The rocket burst. For a minute it made all that part of the black country stand out as under lightning. “Crash!” said the ship. Over the bluejackets swept the shells, and burst.
“Crash!” said another ship.
“Apparently effective,” said the wireless again. “Shall send patrols forward.” And again it spoke, in half an hour: “Enemy driven back. Our patrols hold road. Barb wire entanglements completed. Scouts in. Report land clear, except for enemy cavalry in force inland out of range.”
The Transports
“Now!” said the cruiser’s wireless, speaking once more into the sea.
Silent, formless, black, four vast ships, long and twice as tall as the cruisers, came slowly in among them.

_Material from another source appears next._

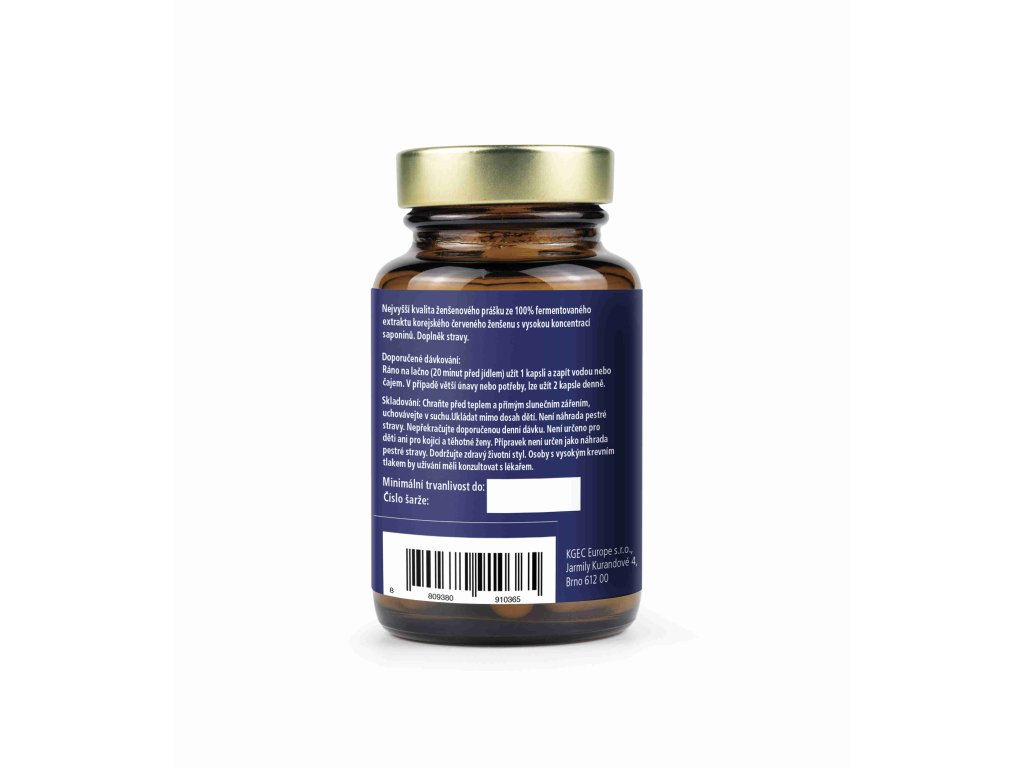 Korejský ženšen je ze všech druhů ženšenu nejúčinnější, a to díky obsahu 34 druhů účinných látek saponinů (ginsenosidů). Při enzymem ošetřeném zpracování (fermentace) dochází k účinnějšímu vstřebávání aktivních látek a kapsle jsou tak vhodné i pro jedince s poruchami trávení a starší osoby. Díky snadnému užívání je může brát každý včetně vegetariánů. Želatinový obal kapsle snadno otevřete a vysypete. Jedná se o produkt označený ochrannou známkou Korea INSAM udílenou korejským Ministerstvem zemědělství prověřeným ženšenovým produktům.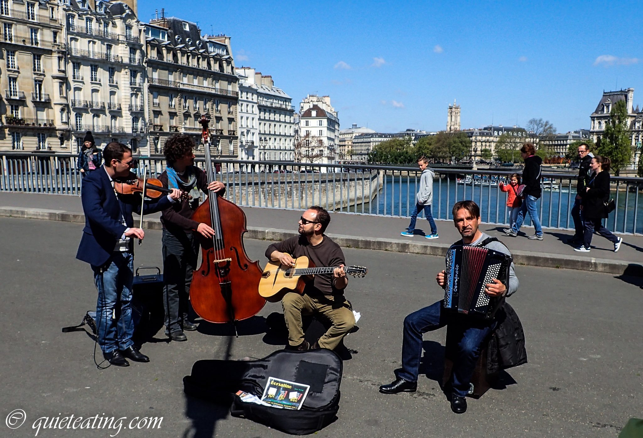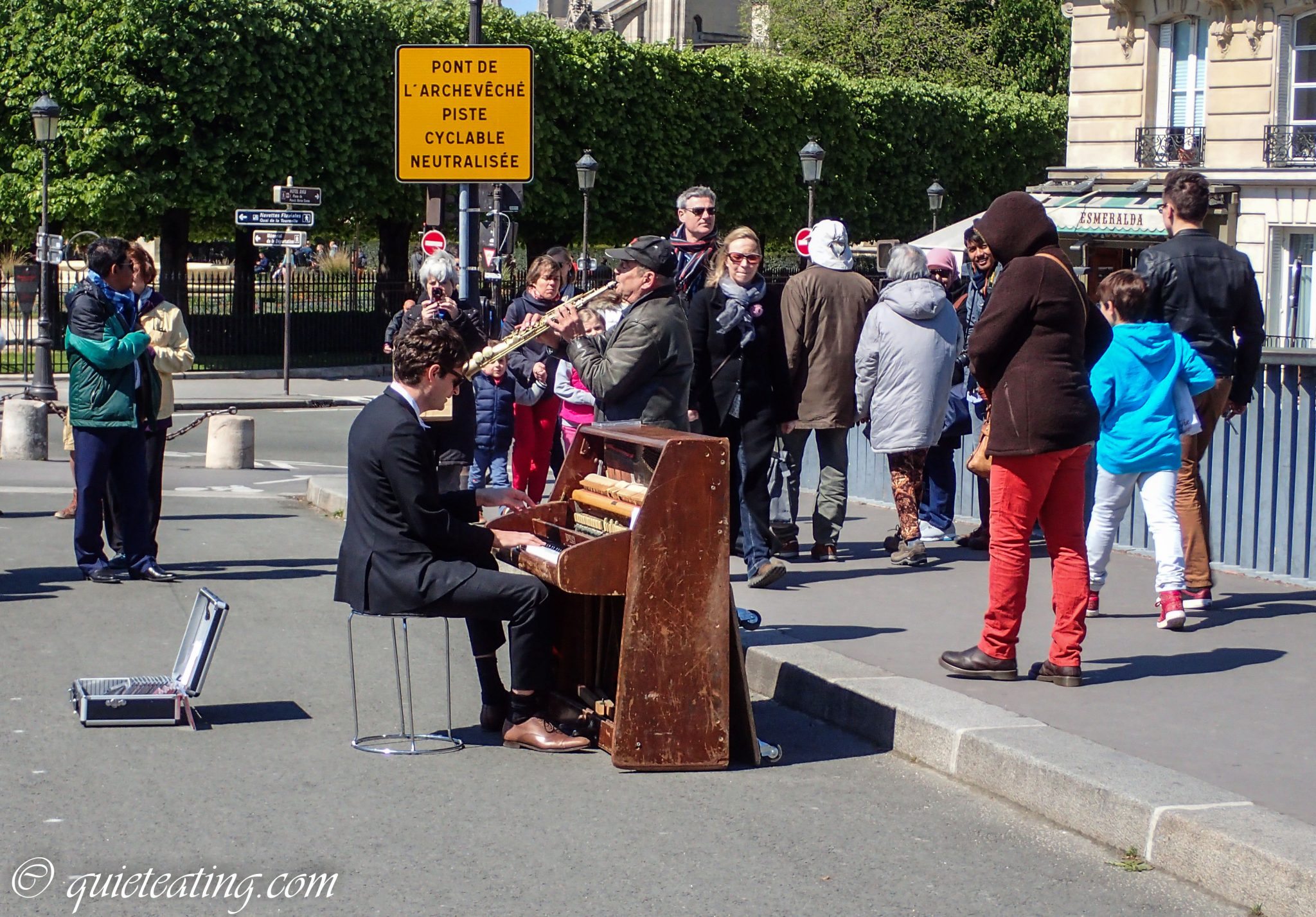 While stopping to listen to the street music

These were the transports, sealed that not a thread of light should shine from them to betray them to the thing that all the fleet dreaded more than anything else—the under-water lance of a submarine’s torpedo.
Under water the submarine is always blind, even when the brightest light of the noon-day sun shines vertically into the ocean. It can see only with its periscope eye above the surface.
At night the periscope cannot see. Then the submarine ceases to be useful as a submarine. It can act still; but only on the surface, like any other torpedo boat.
Two score destroyers, each of thirty knots, each armed with from four to ten 3-inch guns and rapid-firers, circled around the transports. Twice as swift as the surface-speed of the swiftest submarine, armed overwhelmingly, they could defy surface attack.[31]